→ ACTIVITY
Could you retype exactly the lines below between the one holding "Enrich your living" and the one holding "Kočárek CAM Off-road", inclusive, leaving out any pictures?

→ MATERIALS PROVIDED
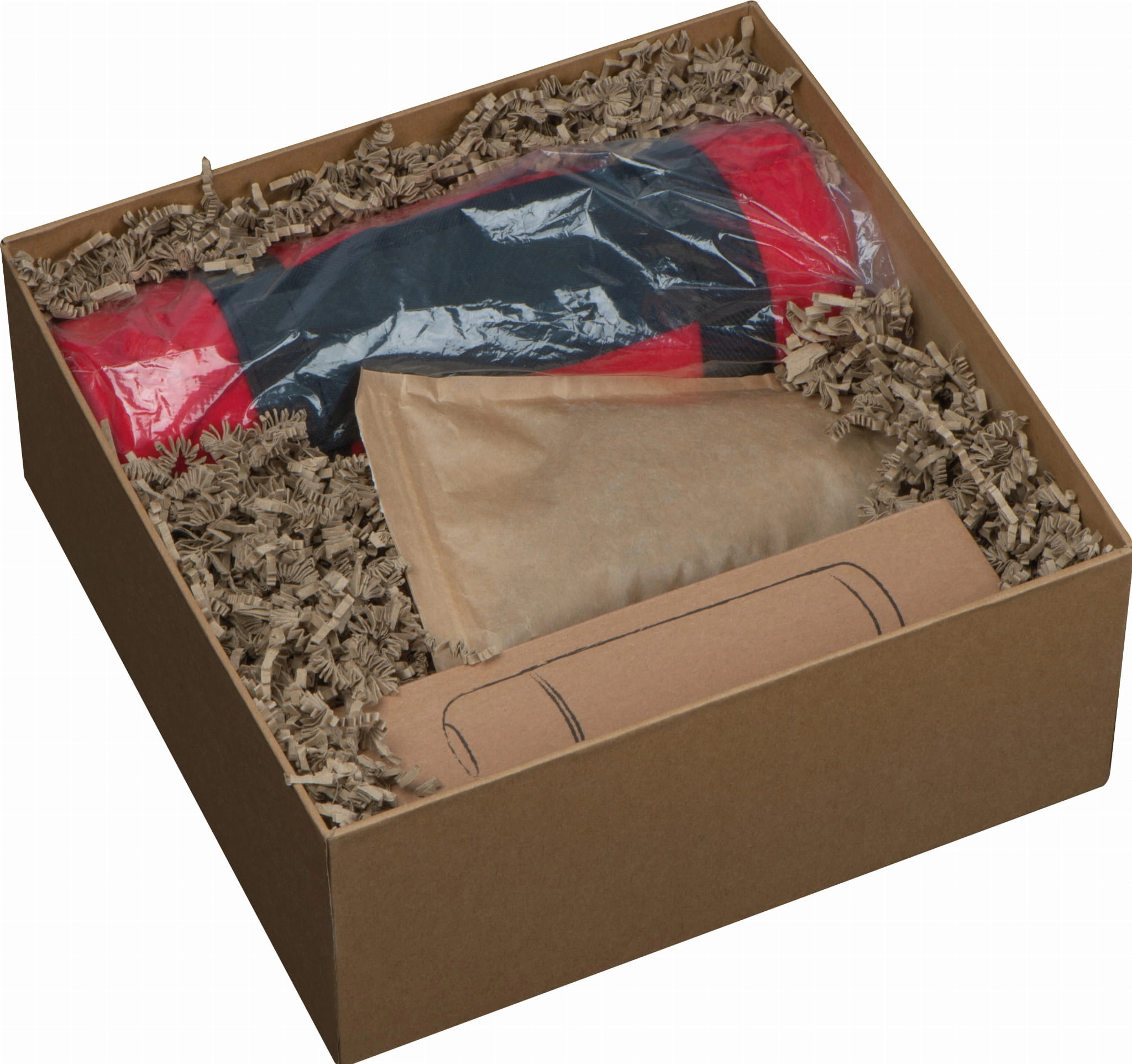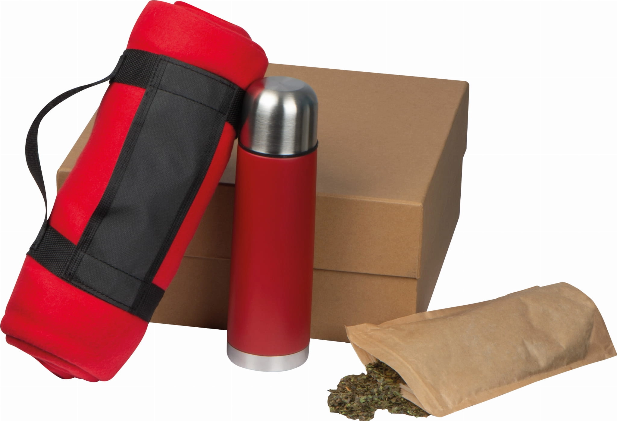 Zetaw upominkowy zawierający czerwony kocyk z polaru (180 x 120 cm), metalowy termos (500 ml) i opakowanie herbaty Earl Grey.
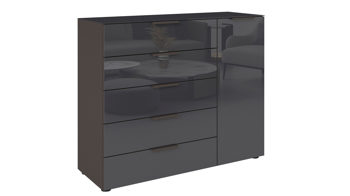 Die Kombination aus champagnerfarbenen Glasfronten und einem passenden Korpus in Champagner verleiht der Kommode eine edle, moderne Ausstrahlung. Schieferfarbene Metallgriffe setzen einen stilvollen Akzent und unterstreichen das harmonische Design. Im Inneren sorgt das silbergraue Streifendekor für ein hochwertiges, elegantes Finish.
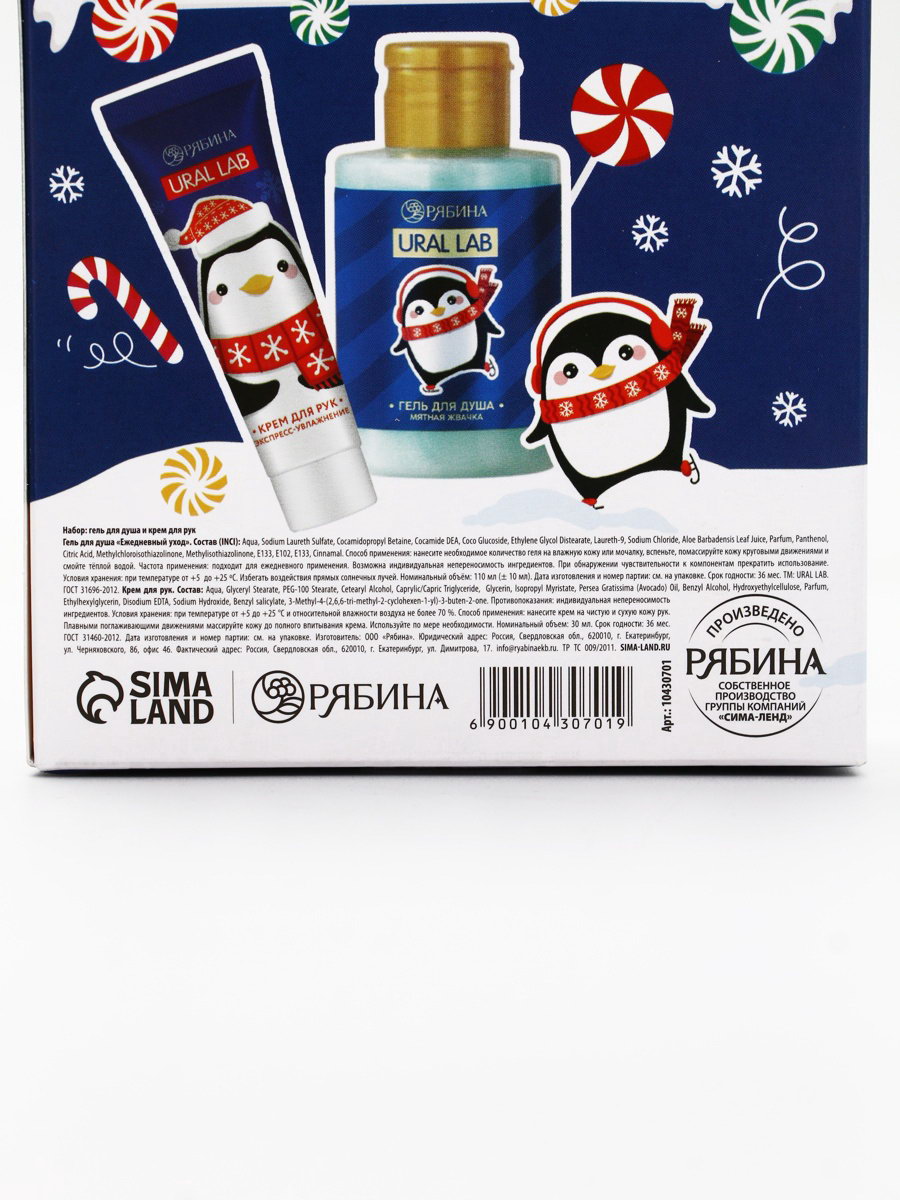 Новогодний подарочный набор косметики "Уютной зимы", гель для душа 110 мл и крем для рук 30 мл, URAL LAB, Россия
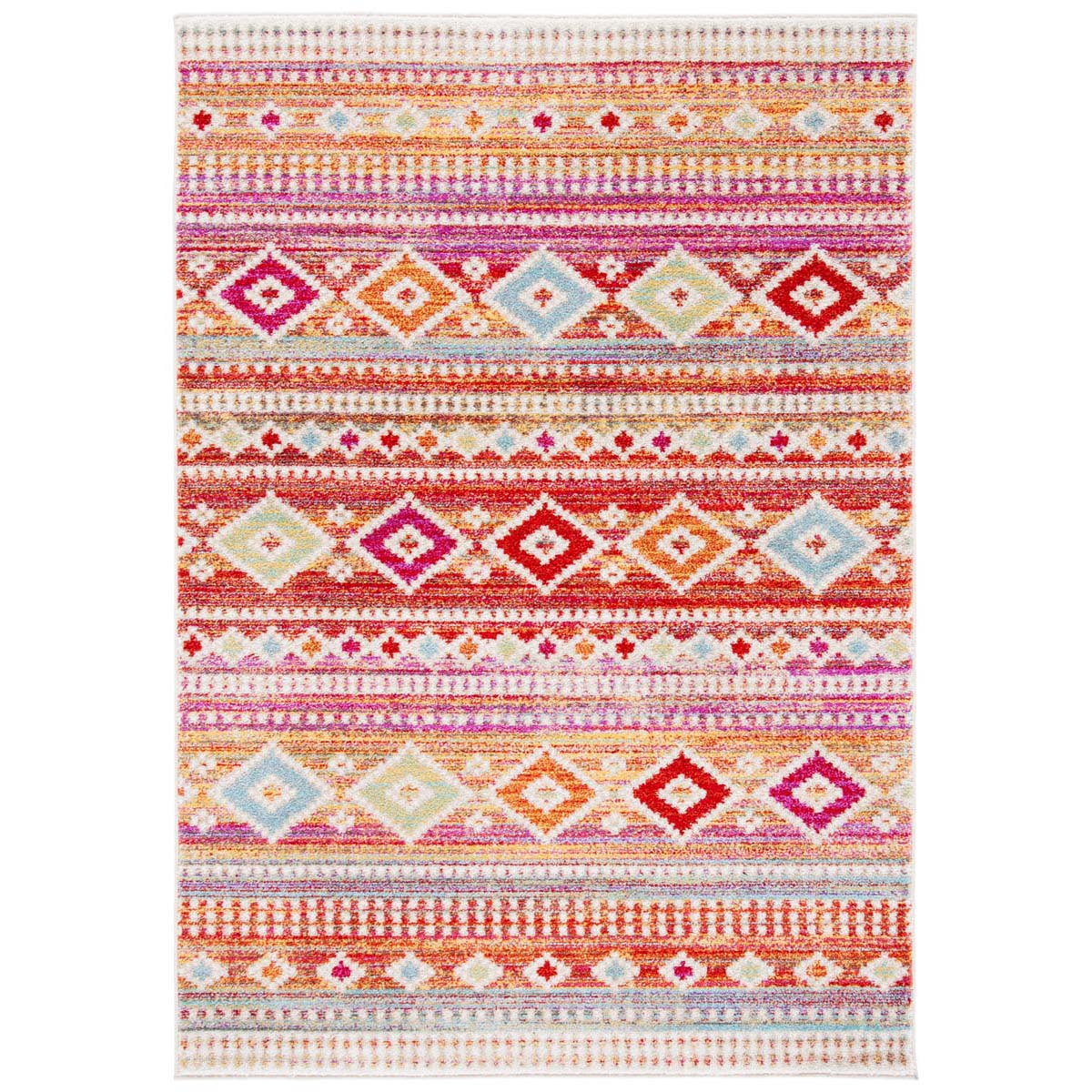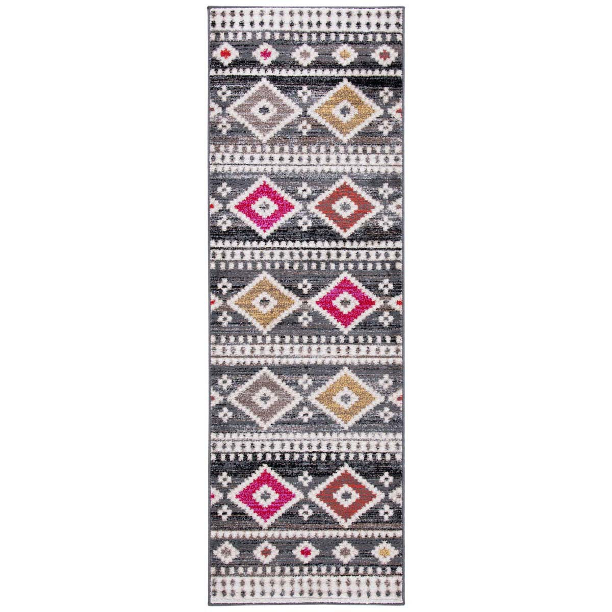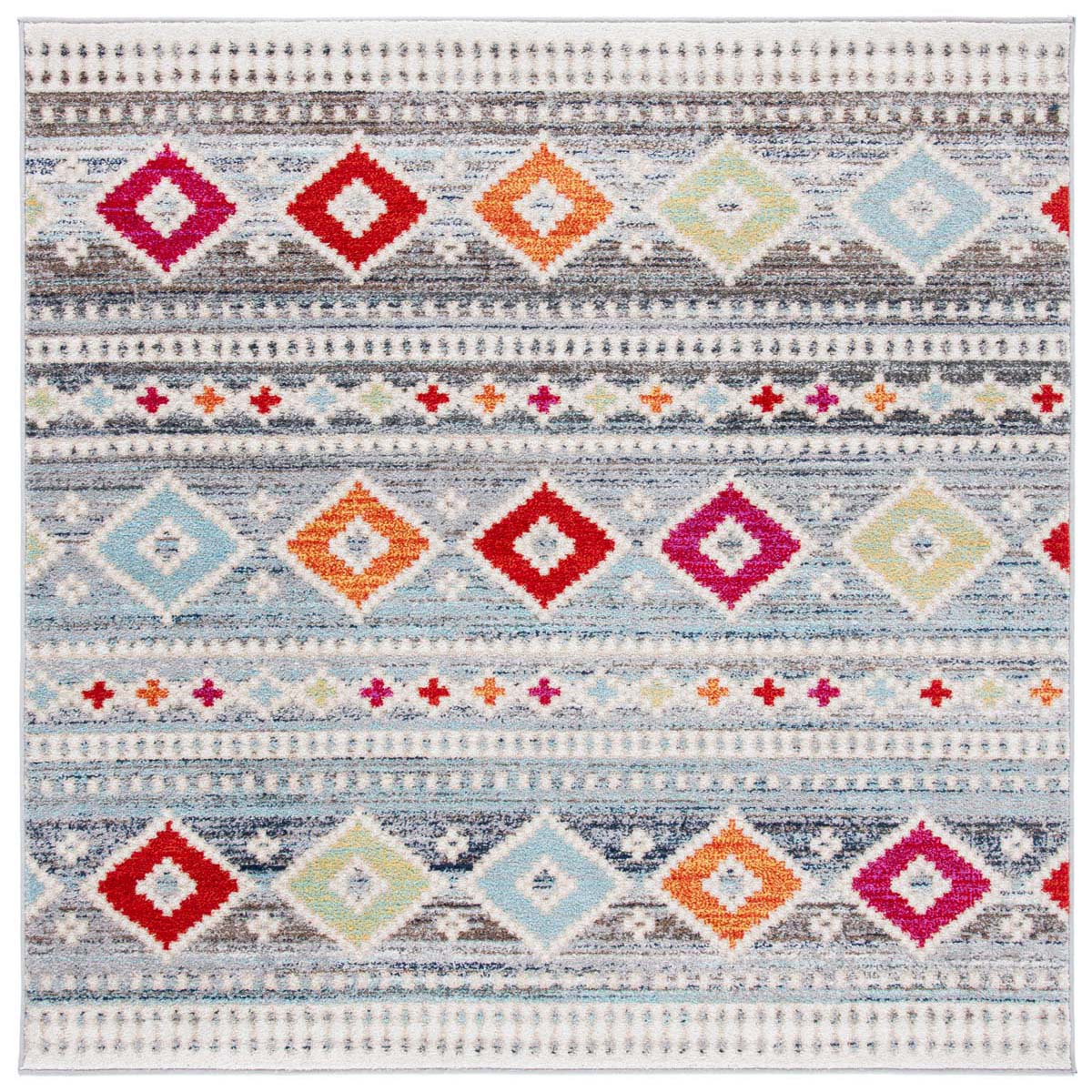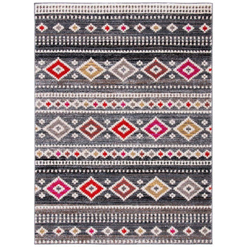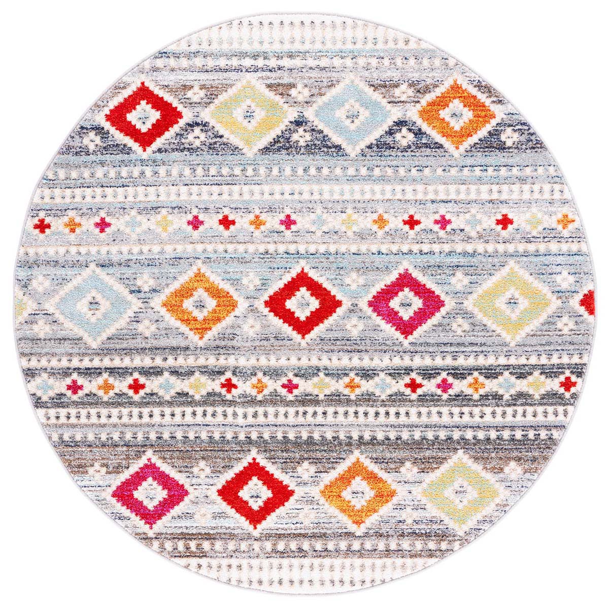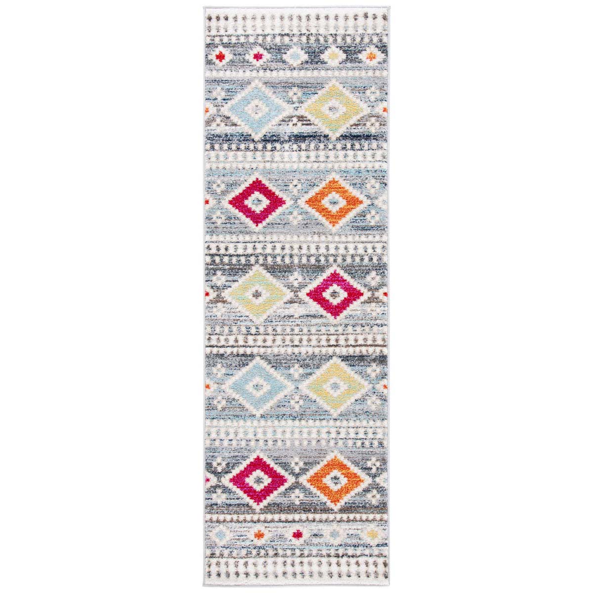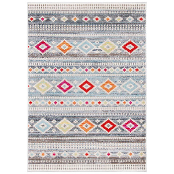 Enrich your living space with this OEKO-TEX certified rug, which guarantees that it's free from harmful substances. The tasteful light grey and ivory hues provide a versatile foundation for your decor, while the vibrant pattern features an array of geometric motifs and a playful mix of accent colors, adding a touch of elegance and charm to any room.
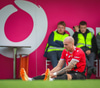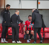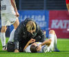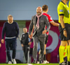 Í annað sinn í leiknum. Virðist vera meiddur á ökkla. Sýnist Helgi Guðjóns vera að koma inn á fyrir hann.
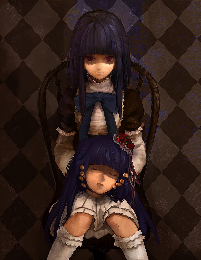00s2girlsblue hairbowdressfrillsmultiple girlspurple eyespurple hairsevered headsmilethighhighs
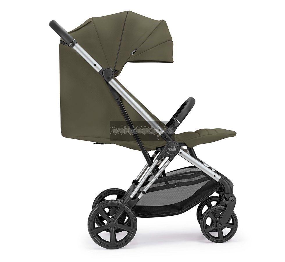 Kočárek CAM Off-road je lehký (pouze 8,5 kg) a kompaktní (výška pouhých 57 cm). Má hliníkový rám, který perfektně doladí design. Stříška včetně okénka v horní části vám dovolí nakouknout na dítě i během jízdy, stříška je vzadu z části otevíratelná a obsahuje moskytiéru, tak je zajištěno, že se dítě v horkých letních dnech nebude přehřívat, přičemž poskytuje UV 50+ ochranu.
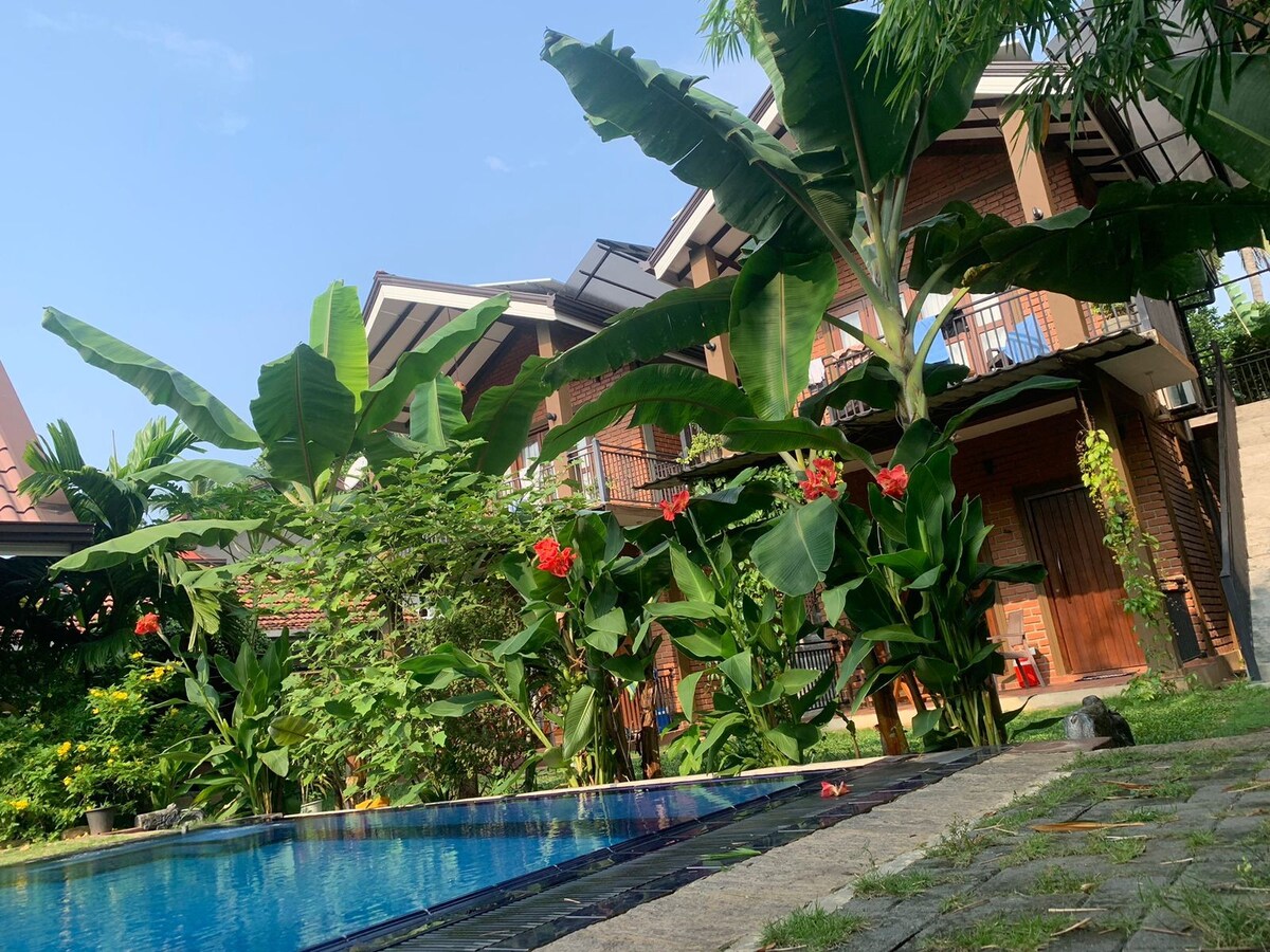 2 aukštų namas su gražiu sodu. 7 miegamieji. Visuose miegamuosiuose yra atskiri vonios kambariai + karštas vanduo. 2 aukštas gali būti naudojamas kaip 2 atskiri apartamentai (2BR ir 3BR). Virtuvė su visa įranga yra abiejuose aukštuose. 15 km iki Kolombo miesto (Fort geležinkelio stoties). 30 km iki oro uosto. Autobusai į Kolombą važiuoja kas 5 minutes. Prekybos centrai, restoranai už 500 m Labai rami ir saugi vieta Ilgalaikė nuoma ok ***Perskaitykite visą informaciją, ypač namų taisykles.
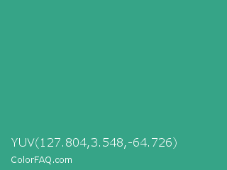 YUV 127.804,3.548,-64.726 Color is a normal cyan color and the nearest color is Zomp #39a78e. Hex code #36a487 and RGB value is rgb(54,164,135). In RGB color space, this color is composed of 21% red, 64% green, 53% blue, In CMYK color space, this color is composed of 67% cyan, 0% magenta, 18% yellow , 36% black , In HSL color space, this color has a hue angle of 164° , 50% saturation and 43% lightness.
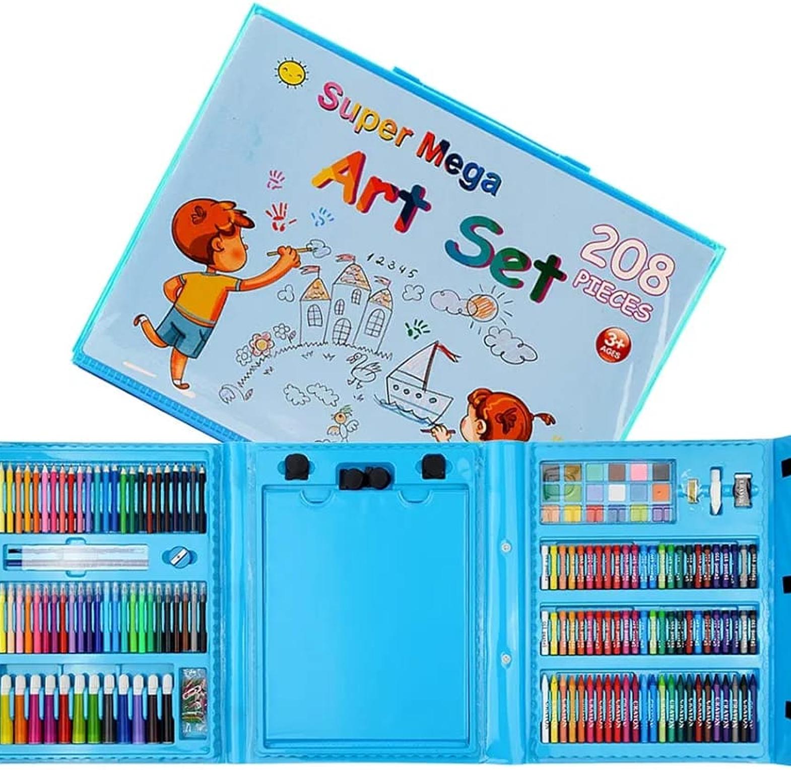 48 x Oil Pastels 24 x Crayons 24 x Color Pencils 18 x Watercolors 24 x Mini Markers 12 x Markers 10 x Sheets Of White Paper 4 x Large Clips 3 x Paper Clips 1 x Pencil 1 x Paint Brush 1 x Ruler 1 x Eraser 1 x Palette 1 x Pencil Sharpener 1 x Sponge 1 x White Water Colour Tube 1 x Threefold Organizer Carry Case

→ TASK RESULT
 Enrich your living space with this OEKO-TEX certified rug, which guarantees that it's free from harmful substances. The tasteful light grey and ivory hues provide a versatile foundation for your decor, while the vibrant pattern features an array of geometric motifs and a playful mix of accent colors, adding a touch of elegance and charm to any room.
 Í annað sinn í leiknum. Virðist vera meiddur á ökkla. Sýnist Helgi Guðjóns vera að koma inn á fyrir hann.
00s2girlsblue hairbowdressfrillsmultiple girlspurple eyespurple hairsevered headsmilethighhighs
 Kočárek CAM Off-road je lehký (pouze 8,5 kg) a kompaktní (výška pouhých 57 cm). Má hliníkový rám, který perfektně doladí design. Stříška včetně okénka v horní části vám dovolí nakouknout na dítě i během jízdy, stříška je vzadu z části otevíratelná a obsahuje moskytiéru, tak je zajištěno, že se dítě v horkých letních dnech nebude přehřívat, přičemž poskytuje UV 50+ ochranu.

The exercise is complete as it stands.